When our kids were growing up, we had a copy of Franco Zeffirelli’s sumptuous but
overly literal take on the story of Jesus of Nazareth. It was a beautiful movie nonetheless,
even though it was 8 hours in total.
I vividly remember the first time our daughter Laura watched it with us, which was in
fact, the last time she ever watched it. The crucifixion scene is graphic. As those nails
were driven into Jesus’ hands and feet, our daughter wept. She couldn’t bear it. I’ll
never forget her saying: “but why did he have to die?” Over and over. The story then,
and now, still makes no sense to her.
How, we still wonder, can the death of one person, in such a cruel and ignoble fashion,
possibly make us love God, or make us right with God, or right with one another?
For me, the test of any theology is this: am I afraid to tell it to my children?
So we’re going to try to find new ways to understand the cross over the next few weeks.
You know, it is Christian to believe torture and war have nothing to do with saving the
world, and they should not be endured by anyone. We should be working to stop them. If
Christians reject the imperial designs of crucifixion, we must break silence whenever
violence is used to shame, instill fear, fragment human community, or suppress our work
for economic justice, health care, and peace. Does the cross as we understand it
traditionally, help us or hinder us in this project? I think it does not.

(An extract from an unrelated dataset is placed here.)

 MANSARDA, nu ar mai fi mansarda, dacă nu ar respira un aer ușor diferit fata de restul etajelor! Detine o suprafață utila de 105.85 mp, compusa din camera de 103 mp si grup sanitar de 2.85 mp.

Crucifixion became a tool of the empire. Without an empire to support anymore, do we
still need the tool? Or are there better ways of teaching our people to be good, to find the
goodness in everyone, and to bring goodness to bear on this dark time?

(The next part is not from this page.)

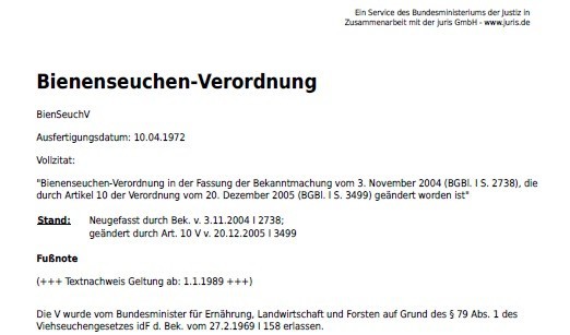Die BienSeuchV (HTML und PDF): www.gesetze-im-internet.de/bienseuchv

Is this story of a crucified man, a help or a hindrance, in the lives we lead every day?
Does this story, as it did for my grandfather, provide comfort and hope for a release of
ones’ pain and suffering, in the afterlife?

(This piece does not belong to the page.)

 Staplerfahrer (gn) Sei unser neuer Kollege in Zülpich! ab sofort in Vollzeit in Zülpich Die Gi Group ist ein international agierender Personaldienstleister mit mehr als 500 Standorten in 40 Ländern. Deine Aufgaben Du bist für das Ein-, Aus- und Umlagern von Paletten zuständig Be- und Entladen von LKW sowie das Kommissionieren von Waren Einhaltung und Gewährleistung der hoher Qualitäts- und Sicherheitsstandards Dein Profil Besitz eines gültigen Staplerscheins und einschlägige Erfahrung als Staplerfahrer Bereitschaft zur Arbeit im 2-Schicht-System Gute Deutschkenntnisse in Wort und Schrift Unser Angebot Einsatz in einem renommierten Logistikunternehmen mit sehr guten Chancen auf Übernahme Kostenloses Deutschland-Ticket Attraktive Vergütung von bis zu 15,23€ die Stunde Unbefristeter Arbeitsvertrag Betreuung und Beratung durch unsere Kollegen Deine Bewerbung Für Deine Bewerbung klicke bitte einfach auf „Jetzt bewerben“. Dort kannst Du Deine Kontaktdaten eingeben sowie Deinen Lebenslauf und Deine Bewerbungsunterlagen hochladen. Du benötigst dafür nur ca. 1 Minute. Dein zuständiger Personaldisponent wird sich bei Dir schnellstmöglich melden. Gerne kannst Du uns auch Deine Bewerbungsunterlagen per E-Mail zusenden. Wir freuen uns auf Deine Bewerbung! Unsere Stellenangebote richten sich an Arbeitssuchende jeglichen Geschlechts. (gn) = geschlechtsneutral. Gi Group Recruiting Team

Or are there better stories? Better images and narratives that can inform our lives, and
provide not just hope, but reason and purpose for the human life of today?
And, what notion of God must we have in order to appropriate these stories for our
modern world?
Once we begin to answer some of these questions for ourselves, then we’ll be able to
walk through some of this unfamiliar territory together,
and come out on the other side with a glimpse of the depth of the heart of the Creator.
I invite you to take this journey with me this Lenten season.